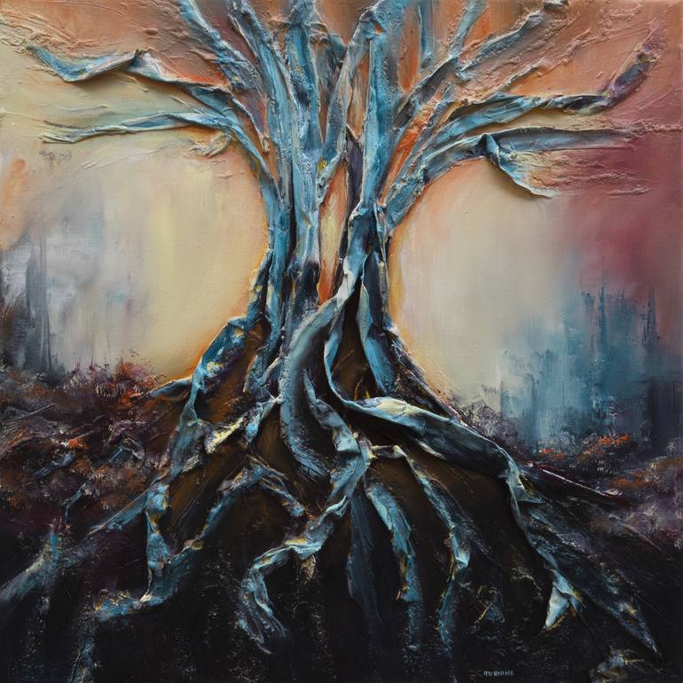 "Connection" is an abstract landscape painting. It is part of the collection "the tree and the canoe". The relief created from cardstock anchors the roots in the paintings. The light source at the center of the roots calls for self-knowledge surrounding the bonds of the family to build our own ident...
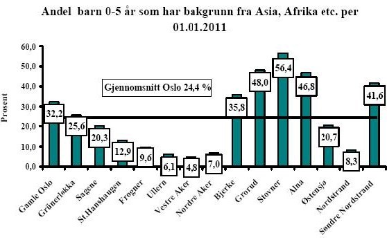 Noen figurer utarbeidet av Oslo kommunes utviklings- og kompetanseetat er nokså illustrerende i så måte. Om man betrakter antall barn i aldersgruppen 0-5 år fordelt etter bydeler, oppdager en at de med innvandringsbakgrunn fra Asia og Afrika utgjør en stor andel der hvor man forventer:
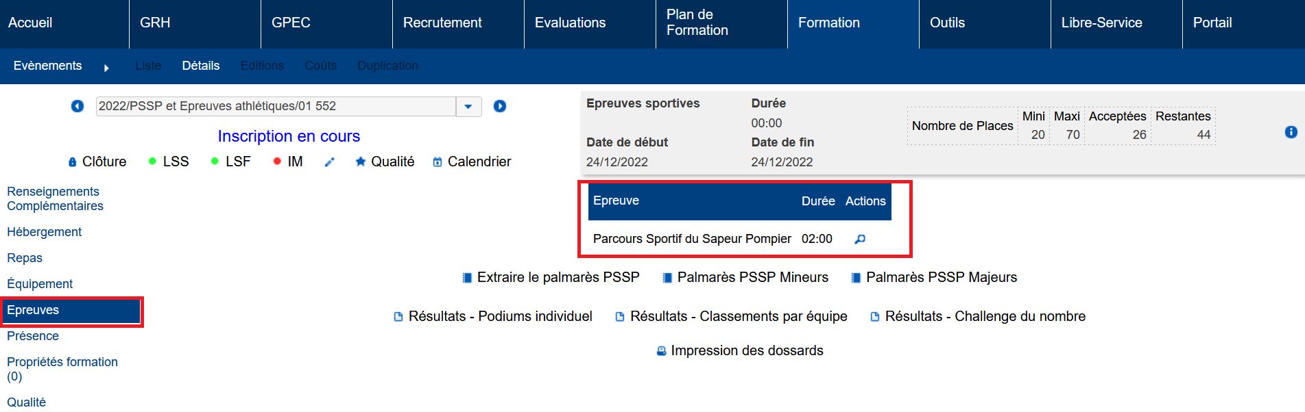 Dans l’écran, les différentes épreuves associées à la discipline définie comme contenu sont visibles.
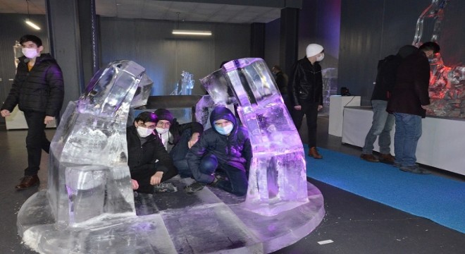 Buz müzesinde yapılan heykelleri şaşkınlıkla izleyen çocukların kimisi buzdan kaydıraktan kayarak eğlenirken kimisi de buzda yapılan piyanoda tuşlara basarak ses çıkmasını beklediler.
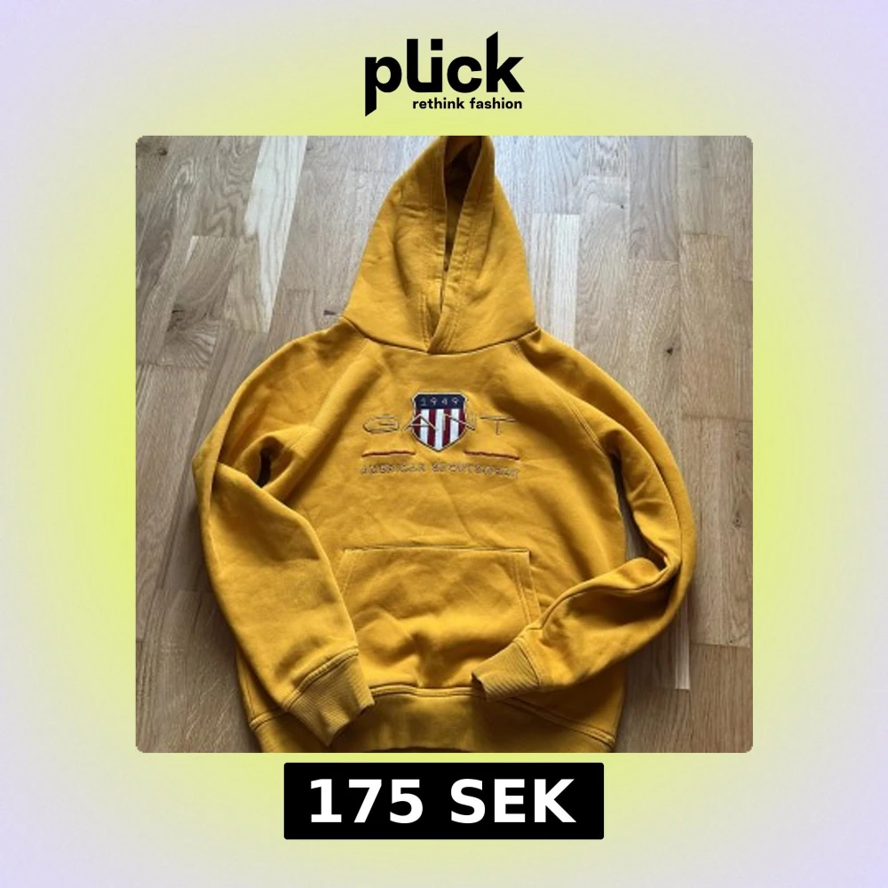 Gul hoodie från Gant med broderad logga och sköld på bröstet. Klassisk känguruficka framtill, ribbade muddar och huva. Mjuk och skön bomullskvalitet, perfekt för chill dagar eller när du vill sticka ut lite extra.
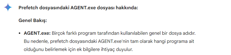 Prefetch dosyasını temizliyordum 3-4 tane agent.exe gördüm. Önceden görmedim de takmadım. Şimdi merak ettim ne olabilir bu? Malwarebytes ve Kaspersky bir şey bulamadı.
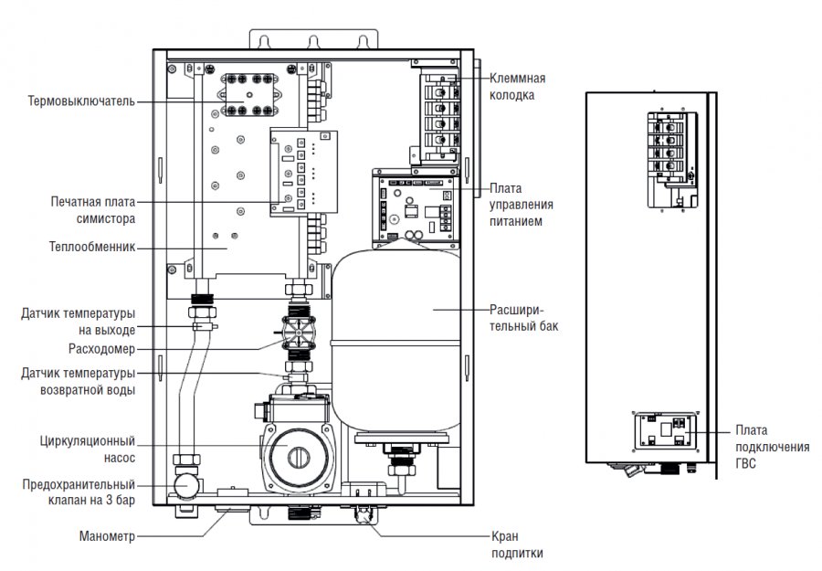 - Есть возможность подключения бойлера косвенного нагрева для систем ГВС;
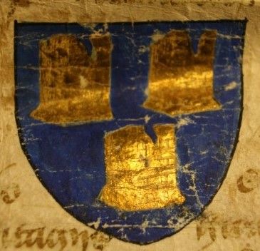 Notes : Le roi a pris soin, pour donner un éclat tout particulier à la faveur accordée, de choisir et blasonner lui-même les armes des deux nouveaux chevaliers : « ...arma sibi conferimus que nosmet designavimus blasonavimus videlicet ipsi Johanni Becquet de campo asurii ad tres turres auri fractas hoc modo, et ipsi Stephano Guillier de campo auri ad tres turres asurii fractas hoc modo. »
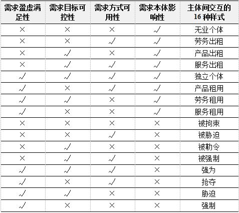上表罗列的是需求的底层基本样式,实际上还有更加复杂的演绎样态,下面从两个方面说明。其一,当存在多个主体博弈时,需求关系会受环境因子所影响,并衍生出16种交互嵌套样式,具体如下表所示:
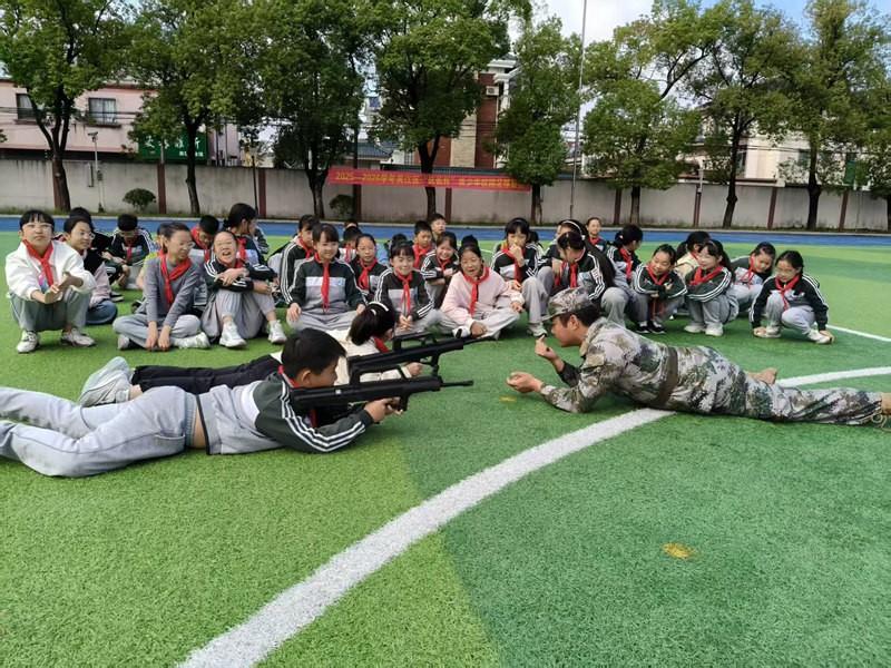操场秒变“战场”,军事体验点燃少年豪情。射击姿势瞄准、模拟手榴弹投掷、近距离参观装甲车……每一项训练都充满挑战。汗水与尘土在校服上混成独特的“迷彩”,队员们却个个精神抖擞,笑出一排白牙:“原来坚持过后,疼也能开出成长的花。”训练间隙,教官还会结合关工委提供的红色故事,讲述军人保家卫国的事迹,让队员们在体验中感悟责任。

- - - - - - -

* Exercise:
What do the entries above read from the line containing "Gul hoodie från" through the line containing "上表罗列的是需求的底层基本样"? Output those lines exactly, both ends included, with the pictures left out.

* Written answer:
 Gul hoodie från Gant med broderad logga och sköld på bröstet. Klassisk känguruficka framtill, ribbade muddar och huva. Mjuk och skön bomullskvalitet, perfekt för chill dagar eller när du vill sticka ut lite extra.
 Prefetch dosyasını temizliyordum 3-4 tane agent.exe gördüm. Önceden görmedim de takmadım. Şimdi merak ettim ne olabilir bu? Malwarebytes ve Kaspersky bir şey bulamadı.
 - Есть возможность подключения бойлера косвенного нагрева для систем ГВС;
 Notes : Le roi a pris soin, pour donner un éclat tout particulier à la faveur accordée, de choisir et blasonner lui-même les armes des deux nouveaux chevaliers : « ...arma sibi conferimus que nosmet designavimus blasonavimus videlicet ipsi Johanni Becquet de campo asurii ad tres turres auri fractas hoc modo, et ipsi Stephano Guillier de campo auri ad tres turres asurii fractas hoc modo. »
上表罗列的是需求的底层基本样式,实际上还有更加复杂的演绎样态,下面从两个方面说明。其一,当存在多个主体博弈时,需求关系会受环境因子所影响,并衍生出16种交互嵌套样式,具体如下表所示:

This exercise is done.